19.2. Moment Generating Functions#

The probability mass function and probability density, cdf, and survival functions are all ways of specifying the probability distribution of a random variable. They are all defined as probabilities or as probability per unit length, and thus have natural interpretations and visualizations.

But there are also more abstract ways of describing distributions. One that you have encountered is the probability generating function (pgf), which we defined for random variables with finitely many non-negative integer values.

We now define another such transform of a distribution. More general than the pgf, it is a powerful tool for studying distributions.

Let \(X\) be a random variable. The moment generating function (mgf) of \(X\) is a function defined on the real numbers by the formula

\[ M_X(t) ~ = ~ E(e^{tX}) \]

for all \(t\) for which the expectation is finite. It is a fact (which we will not prove) that the domain of the mgf has to be an interval, not necessarily finite but necessarily including 0 because \(M_X(0) = 1\).

For \(X\) with finitely many non-negative integer values, we had defined the pgf by \(G_X(s) = E(s^X)\). Notice that this is a special case of the mgf with \(s = e^t\) and hence positive. For a random variable \(X\) that has both a pgf \(G_X\) and an mgf \(M_X\), the two functions are related by \(M_X(\log(s)) = G_X(s)\). Therefore the properties of \(M_X\) near 0 reflect the properties of \(G_X\) near 1.

Quick Check

The function \(h(t) = 2t^2 - t + 5\) for \(-\infty < t < \infty\) can’t be the mgf of any random variable. How can we tell?

Answer

\(h(0) \neq 1\)

This section presents three ways in which the mgf is useful. Other ways are demonstrated in the subsequent sections of this chapter. Much of what we say about mgf’s will not be accompanied by complete proofs as the math required is beyond the scope of this class. But the results should seem reasonable, even without formal proofs.
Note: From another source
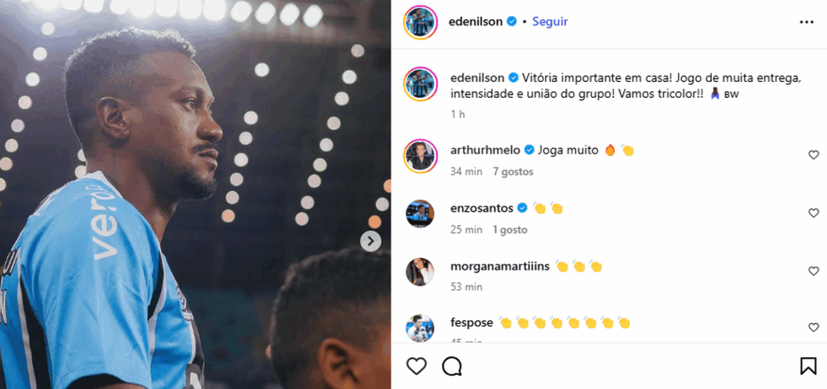 “Vitória importante em casa! Jogo de muita entrega, intensidade e união do grupo! Vamos tricolor!”, escreveu Edenilson, que ainda recebeu um comentário de apoio e de carinho do colega de meio campo Arthur: “Joga muito”.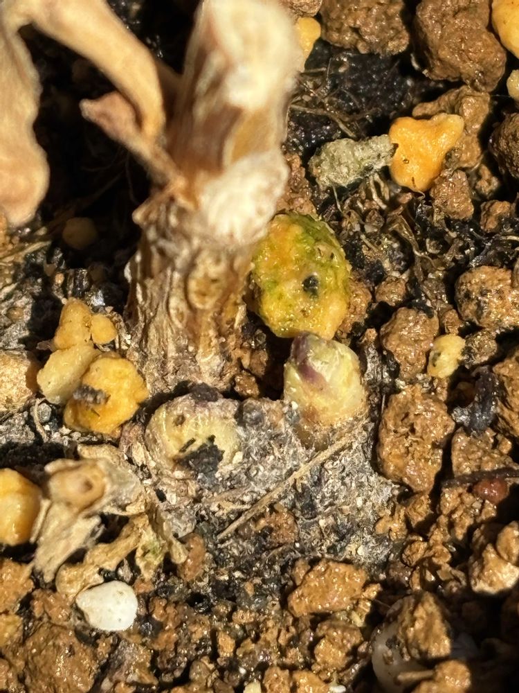 枯れ葉のままずっと放置してあったのでどうなったかなぁと思い見てみたら芽が出てました (✿˘˘✿)

We will list the three ways first, and then use them all in examples.

19.2.1. Generating Moments#

For non-negative integers \(k\), the expectation \(E(X^k)\) is called \(k\)th moment of \(X\). You saw in Data 8 and again in this course that the mean \(E(X)\) is the center of gravity of the probability histogram of \(X\). In physics, the center of mass is called the first moment. The terminology of moments is used in probability theory as well.

In this course we are only going to work with mgf’s that are finite in some interval around 0. The interval could be the entire real line. It is a fact that if the mgf is finite around 0 (not just to one side of 0), then all the moments exist.

Expand \(e^{tX}\) to see that

\[\begin{split} \begin{align*} M_X(t) ~ &= ~ E \big{(} 1 + t \frac{X}{1!} + t^2 \frac{X^2}{2!} + t^3 \frac{X^3}{3!} + \cdots \big{)} \\ \\ &= ~ 1 + t \frac{E(X)}{1!} + t^2 \frac{E(X^2)}{2!} + t^3 \frac{E(X^3)}{3!} + \cdots \end{align*} \end{split}\]

by blithely switching the expectation and the infinite sum. This requires justification, which we won’t go into.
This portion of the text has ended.